In its response to the European Commission's consultation, though, it said that only two of the non-binding proposals should be adopted: the provision of model contracts that businesses could use; and the creation of a "toolbox" which national legislators could use when revising contract law.
"The UK considers there is no demonstrable need established for any of the options beyond [two limited options]," it said. "None of the other options are considered necessary or proportionate given the lack of evidence of need and the difficulties associated with each of those options. Indeed, the lack of demonstrable need for any of these options gives rise to serious doubts about the EU’s competence under the Treaty to pursue any of them."
The European Commission favours the creation of a new, separate '28th'* system of contract law. But the UK government said that this would be an unnecessary step.
"That position, if it is accurate, seems premature given the paucity of evidence of a problem and the lack of any clarity or detail as to what substance such a regulation might actually contain," said the government's response.
The government said that the European Commission had not shown that there was any problem in EU commerce that would be fixed by closer harmonisation of consumer contract law. It said that it had asked in its own call for evidence for the view of business on that question.
"It was the view of the majority of respondents that there was no compelling evidence of a problem or of a need for any of the legislative options in the Green Paper," it said. "On the contrary, there is evidence that points to the market operating very effectively indeed.
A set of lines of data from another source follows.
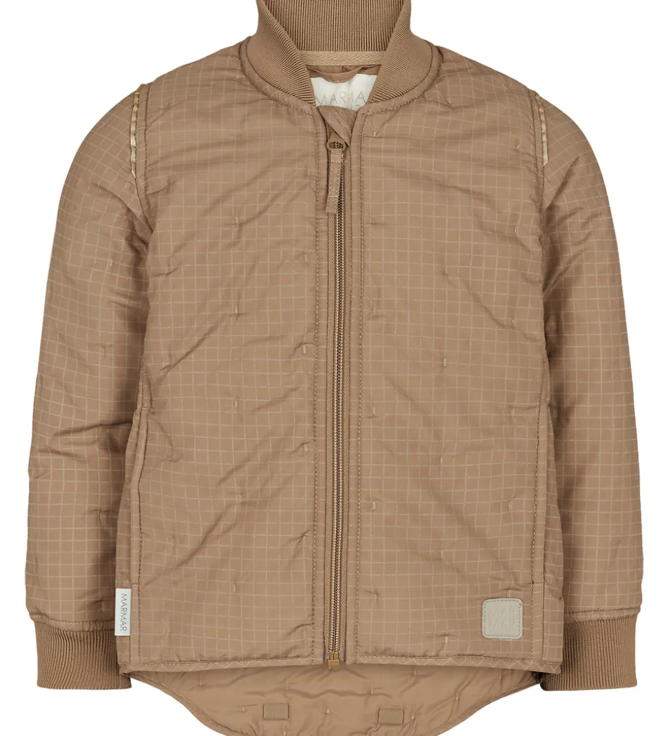 Flot MarMar termojakke i brun med et ternet mønster med refleksprint.
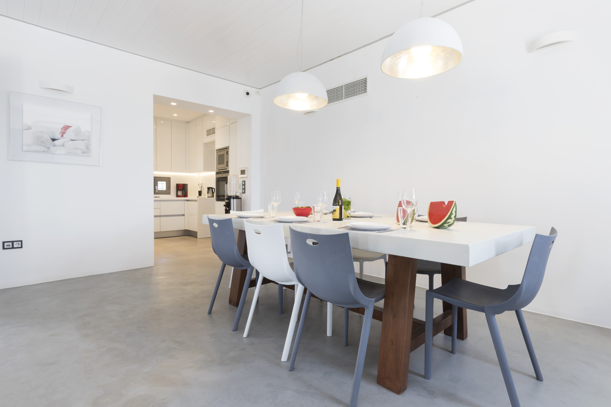 An elegant indoor dining area for eight complements the alfresco dining options, offering plenty of opportunities to unwind and enjoy delicious meals.
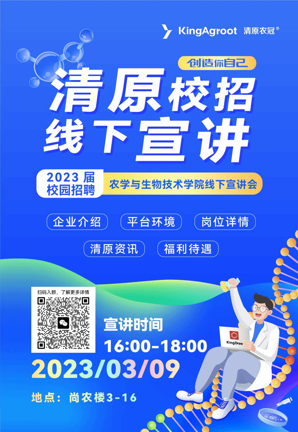 清原农冠定于2023年3月9日到公司召开专场招聘会,有意向同学带好个人简历等相关材料提前15分钟到场。
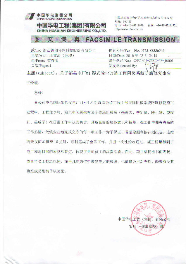 近日,德創環保又一次收到客戶表揚信。在華電國際鄒縣發電廠#1-#4機組濕除改造工程1號濕除陰極系統防腐修復施工過程中,環保工程事業部工程部李嶺、除塵車間顏來有及全體班組成員(張莉芳、李定賢、陸小妹、婁瑞紅、吳成軍)在日常工作中認真負責,具備良好的服務意識和技能,始終保持高昂的工作熱情,兢兢業業完成交辦的每一項工作,為保證1號濕除順利按時投運,連續兩天夜間加班至10點鐘,最終順利完成全部工作,并且實現一次性驗收通過,其施工質量與敬業態度得到了電廠和項目部的表揚和肯定。為此,中國華電工程(集團)有限公司鄒縣1-4#濕除項目部特對李嶺、顏來有及其班組成員予以了表揚。
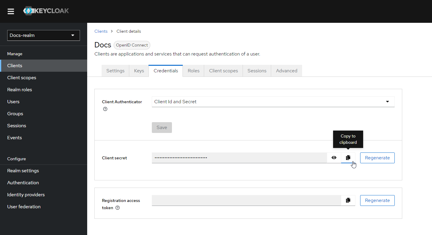Переходим на странице системы Docs в секцию Credentials. Находим поле Client secret и в правой его части кликаем кнопку Copy to clipboard. Сохраняем скопированное значение в файл, чтобы не потерять (например, в блокнот).
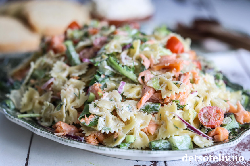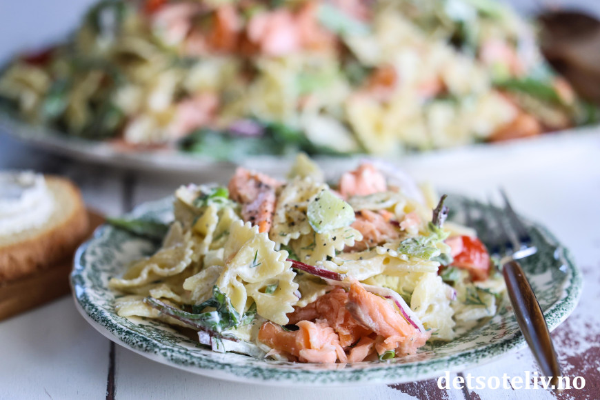 Her har du en herlig og sommerlig pastasalat med varmrøkt laks!
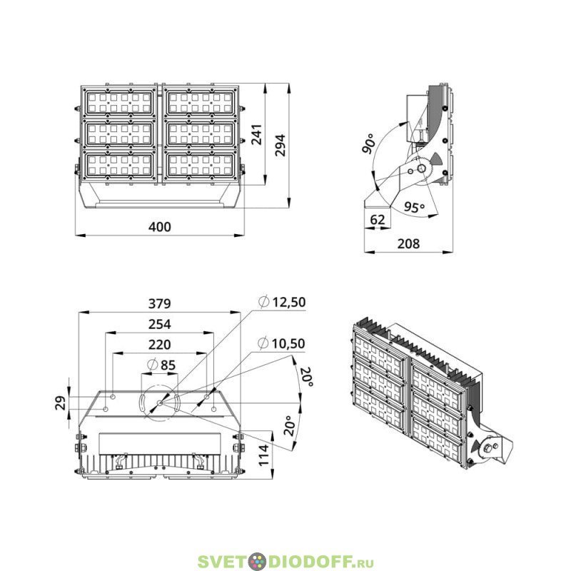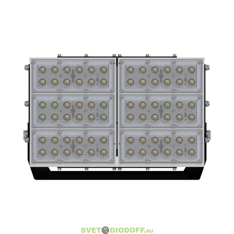 В комплекте идёт кронштейн, который позволяет регулировать угол наклона прожектора. Специальные зубцы на кронштейнах (для светильников 200-300 Вт) дополнительно облегчают регулировку положения прожектора.
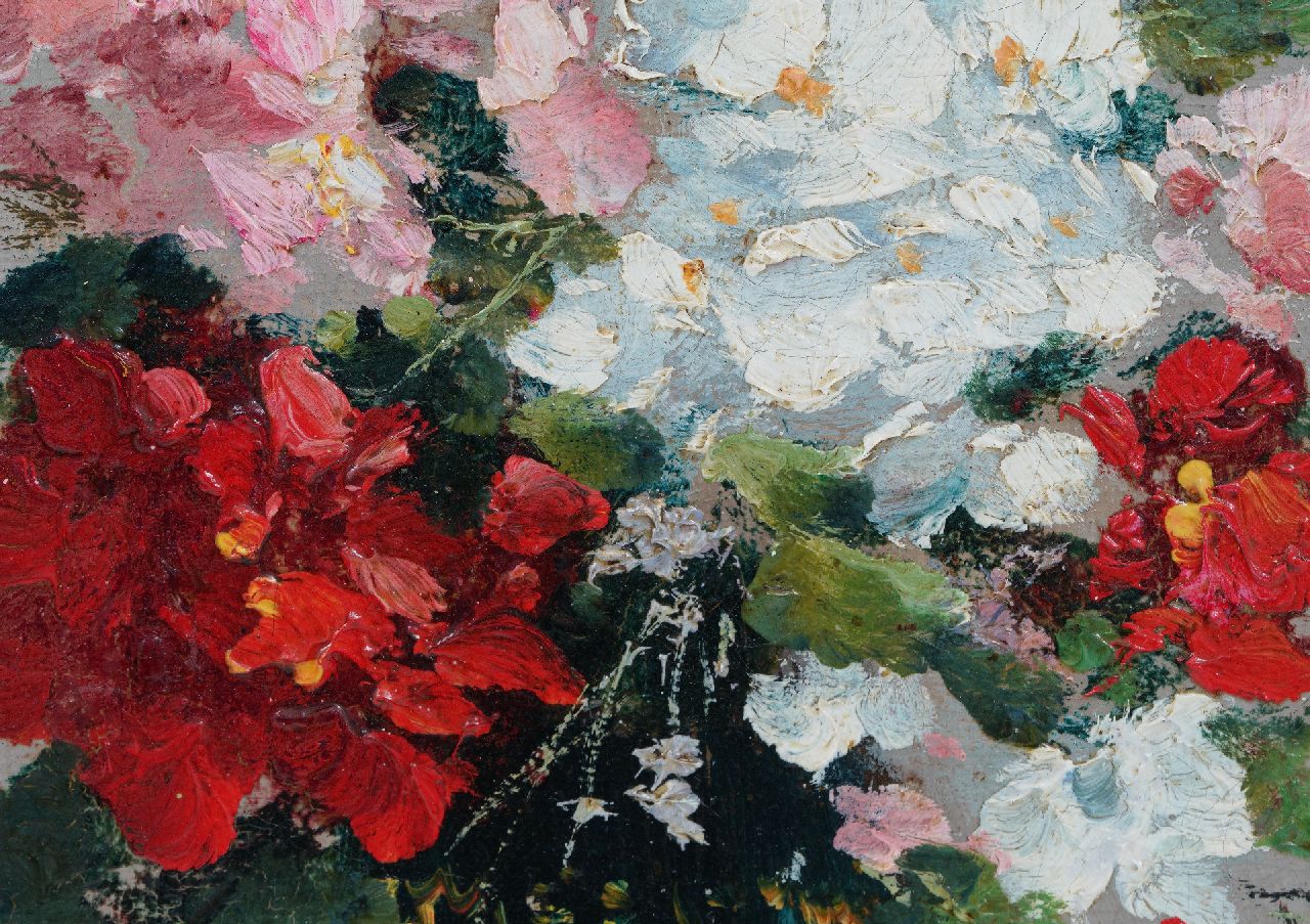 Eugène-Henri Cauchois was born in Rouen in 1850 and died in Paris in 1911. After completing his apprenticeship with Alexandre Cabanel, a famous painter in those days, Cauchois went on to become popular as a painter of flower still lifes. He made his début at the Paris Salon at the age of 24 and received numerous accolades for his work. Towards the end of his life, Cauchois also worked as a decorative painter. He painted flower still lifes representing the four seasons to adorn the walls of a school in the VIIth arrondissement of Paris.

This is an area of law where party autonomy is well established and parties to contracts have and do commonly exercise a choice of the most appropriate law for their own circumstances in their commercial transactions."
The UK government said that its research had found that businesses considered currency, tax, shipping and language issues to be far more important ones when considering cross-border trade than differences in consumer contract law.
The government said that businesses had told it that the "option 4" solution of a 28th regime was unlikely to solve any problem that did exist.
"A number of our consultees noted during meetings arranged at the Ministry of Justice that, given the impetus for action is supposed problems arising as a result of the multiplicity and divergence of law, providing yet another, different, law is counterintuitive and bizarre," said the government response. "It has not been established that the new law would be in any way superior to long-established national laws or that providing such a law would deliver any greater benefit than at present."
The response continued: "It may be difficult to quantify but it is clear that a [29th regime] of contract law would 'belong to no one in particular' and would not reflect any particular legal or cultural heritage. Indeed a fundamental first question for the authors of such an instrument might be whether to base it more on the common law perspective, which is currently probably the most commercially attractive approach, or the civil law position, which may be more familiar to EU citizens, The 'Esperanto' approach must at least raise the possibility that it will feel comfortable and familiar to no one and consequently will be rarely used."
An MEP's report for the European Parliament last week backed the Commission's '28th regime' plan, claiming that small- and medium-sized companies would benefit from the clarity that such a law would bring.
* While OUT-LAW.COM has referred to the 28th regime, the UK government’s response called the proposed new contractual framework the "29th regime", taking account of the fact that the existence of Scottish law means that there are 28 legal regimes in the EU’s 27 countries.
OUT-LAW.COM has called the new framework the 28th regime since the European Commission gave it that name a year ago. We will continue to do so both for the sake of consistency and because we think that this term is less confusing and helps to make clear an already complicated concept.